Our data is very simple. We have three fields for each of our documents – one for the identifier fields, one for holding the name of the document, and one for its category. We will use the category field to do the autocomplete functionality, and we will use faceting for it.

If you look at the index structure, for the category field, we use a special type – the text_lowercase one. What it does is that it stores the category as a single token in the index because of solr.KeywordTokenizerFactory. We also lowercase with the appropriate filter. This is because we want to send the lowercased queries while using faceting.

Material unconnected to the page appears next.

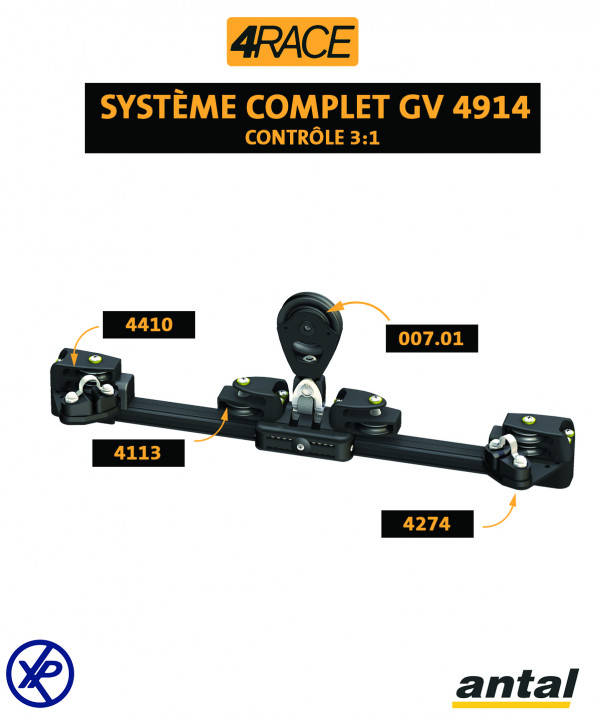 4914 - Ensemble complet du système de Grand-voile - 4RACE TAILLE 110 - Rail 31x21 - Contrôle 3:1 - Avec 1M50 de rail compris

The query is quite simple – we query for all the documents (q=*:* parameter), and we don't want any results returned (the rows=0 parameter). We will use faceting for autocomplete, so we turn it on (facet=true) and we specify the category field to calculate the faceting (facet.field=category). We are also only interested in faceting a calculation for the values that have at least one document in them (facet.mincount=1), and we want the top five results (facet.limit=5). One of of the most important parameters in the query is facet.prefix – using it we can return on those results in faceting that start with the prefix defined by the mentioned parameter, which can be seen in the results.